Work required: For every line below, output the text exactly and leave out images.

Data section:
/---
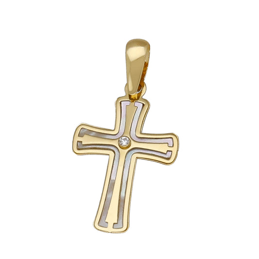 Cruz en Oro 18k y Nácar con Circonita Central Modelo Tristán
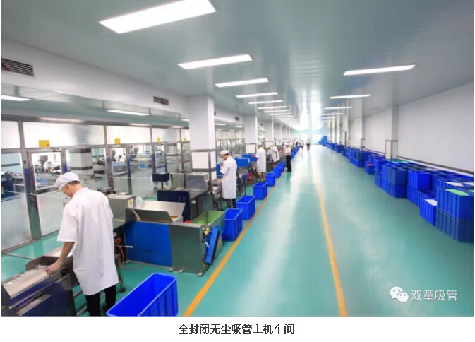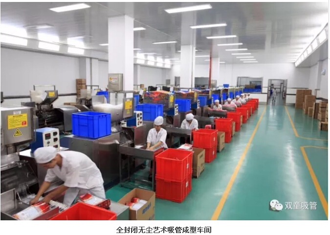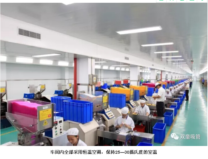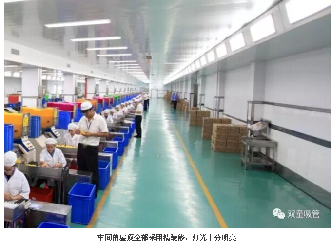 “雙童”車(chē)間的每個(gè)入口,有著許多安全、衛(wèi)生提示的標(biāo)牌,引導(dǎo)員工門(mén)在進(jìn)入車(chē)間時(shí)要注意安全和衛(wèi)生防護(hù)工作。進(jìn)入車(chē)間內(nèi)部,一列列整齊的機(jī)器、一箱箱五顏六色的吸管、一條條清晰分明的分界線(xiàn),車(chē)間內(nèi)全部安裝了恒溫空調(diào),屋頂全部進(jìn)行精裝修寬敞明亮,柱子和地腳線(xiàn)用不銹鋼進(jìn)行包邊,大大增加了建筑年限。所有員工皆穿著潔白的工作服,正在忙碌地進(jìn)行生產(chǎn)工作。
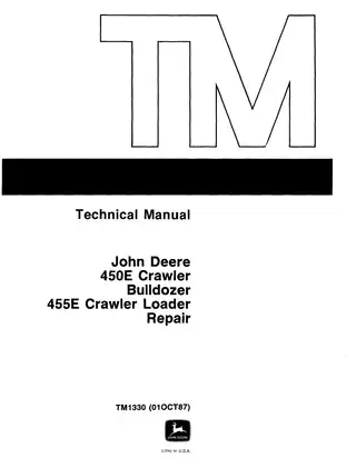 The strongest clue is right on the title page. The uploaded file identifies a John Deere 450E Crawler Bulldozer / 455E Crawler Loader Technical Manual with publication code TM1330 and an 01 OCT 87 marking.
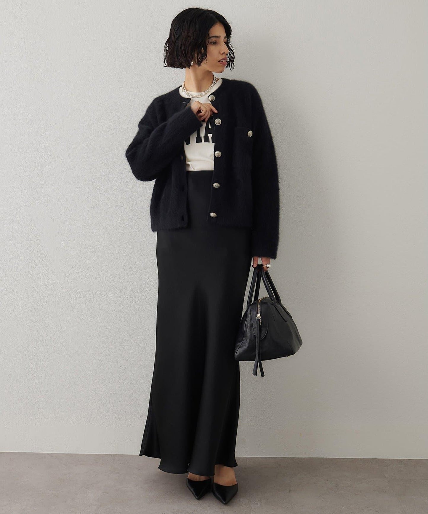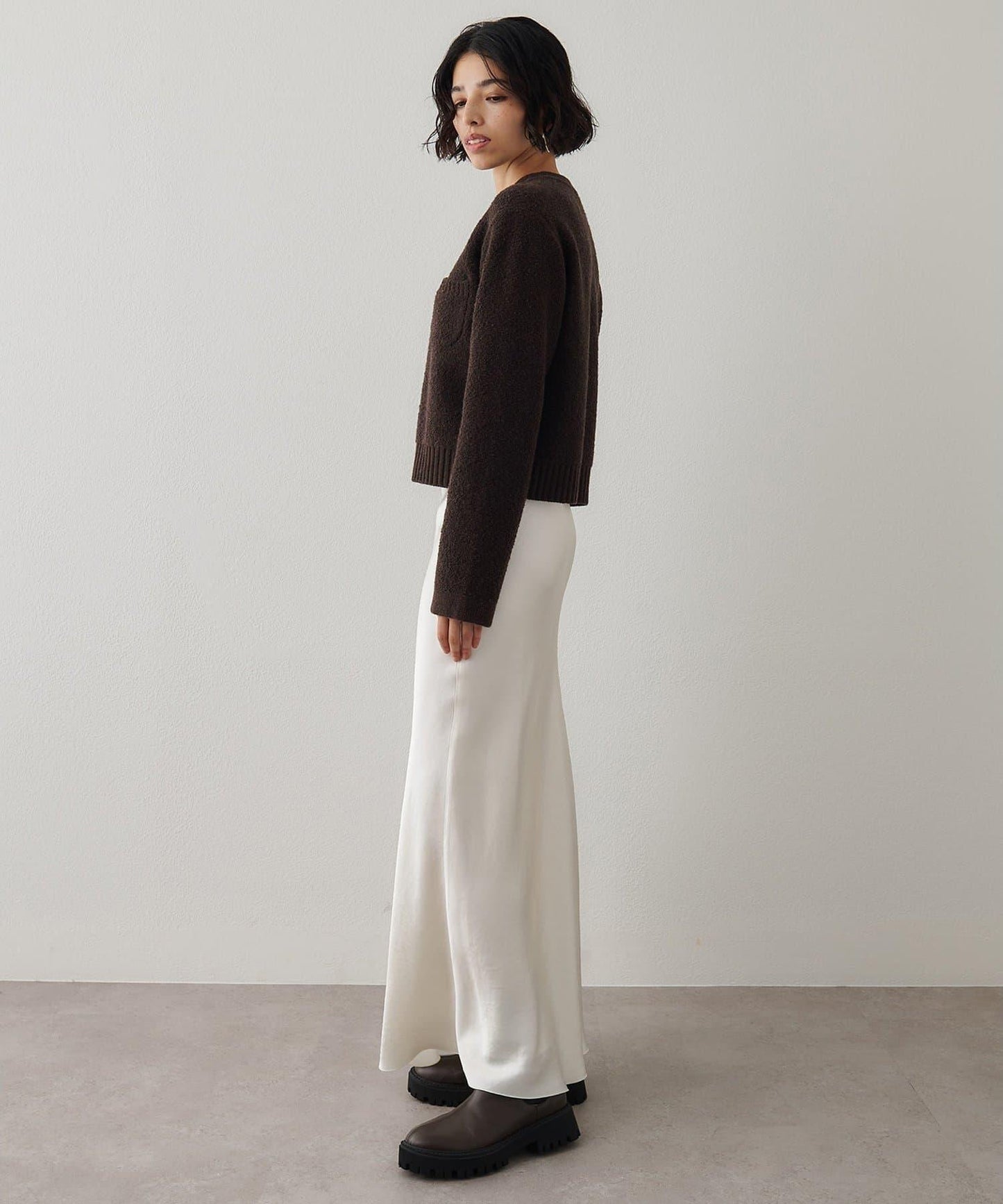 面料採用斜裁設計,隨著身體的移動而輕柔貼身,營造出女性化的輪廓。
\---
Written answer:
 Cruz en Oro 18k y Nácar con Circonita Central Modelo Tristán
 “雙童”車(chē)間的每個(gè)入口,有著許多安全、衛(wèi)生提示的標(biāo)牌,引導(dǎo)員工門(mén)在進(jìn)入車(chē)間時(shí)要注意安全和衛(wèi)生防護(hù)工作。進(jìn)入車(chē)間內(nèi)部,一列列整齊的機(jī)器、一箱箱五顏六色的吸管、一條條清晰分明的分界線(xiàn),車(chē)間內(nèi)全部安裝了恒溫空調(diào),屋頂全部進(jìn)行精裝修寬敞明亮,柱子和地腳線(xiàn)用不銹鋼進(jìn)行包邊,大大增加了建筑年限。所有員工皆穿著潔白的工作服,正在忙碌地進(jìn)行生產(chǎn)工作。
 The strongest clue is right on the title page. The uploaded file identifies a John Deere 450E Crawler Bulldozer / 455E Crawler Loader Technical Manual with publication code TM1330 and an 01 OCT 87 marking.
 面料採用斜裁設計,隨著身體的移動而輕柔貼身,營造出女性化的輪廓。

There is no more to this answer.